Durch diesen Kardinal, von dem kaum anzunehmen war, daß er die Handlungen seines mächtigen toulousanischen Rivalen billigte, hatte sie erfahren, daß zwar der Erzbischof von Toulouse tatsächlich die erste Anklage wegen Hexerei veranlaßt zu haben schien, dann aber auf undurchsichtige Weise gezwungen worden war, zugunsten der königlichen Gerichtsbarkeit auf seinen Angeklagten zu verzichten.
»Die Eminenz von Toulouse hatte in Wirklichkeit nicht die Absicht, die Dinge so weit zu treiben, und da sie zumindest im Fall Eures Gatten nicht an Hexerei glaubte, hätte sie sich damit begnügt, ihm entweder vor dem Kirchentribunal oder vor dem Parlament von Toulouse einen Verweis zu erteilen. Aber man hat ihr den Angeklagten durch einen speziellen und von langer Hand vorbereiteten Verhaftbefehl aus den Händen gerissen.«
Mademoiselle erklärte dann, sie sei, während sie ihre Nachforschungen auf ihre hohe Verwandtschaft ausgedehnt habe, immer mehr zur Überzeugung gekommen, daß man Joffrey de Peyrac der geplanten Aktion des Parlamentstribunals von Toulouse gewaltsam entzogen habe.

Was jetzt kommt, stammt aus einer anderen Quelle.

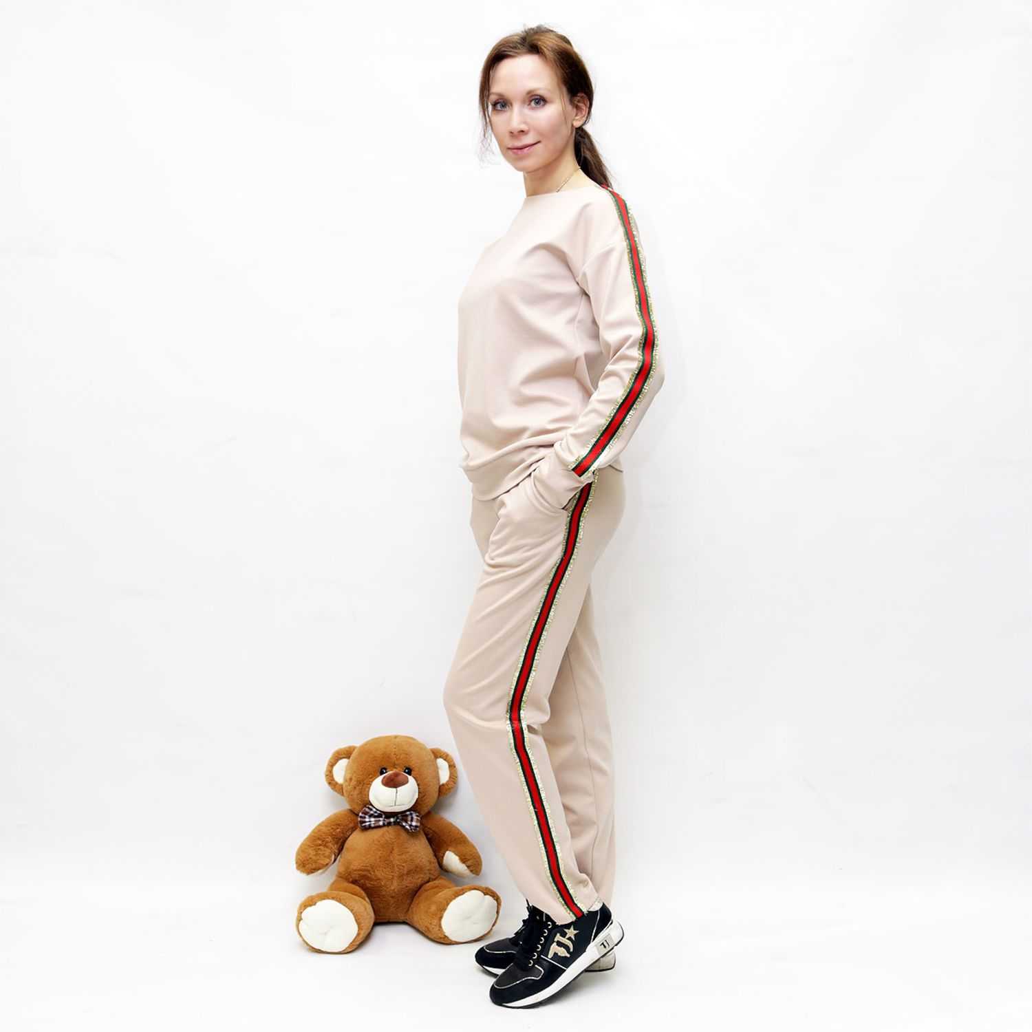 Костюмы со свободными штанами обычно шьют из трикотажа или чистого хлопка. В такой вещи тепло и комфортно даже в непогоду.

»Ich weiß es aus dem Munde von Monsieur Masse-neau selbst, einem ehrenwerten Parlamentarier des Languedoc, der soeben aus mysteriösen Gründen nach Paris beordert wurde und vermutet, daß es sich dabei um die Angelegenheit Eures Gatten handelt.«
»Masseneau?« sagte Angélique nachdenklich.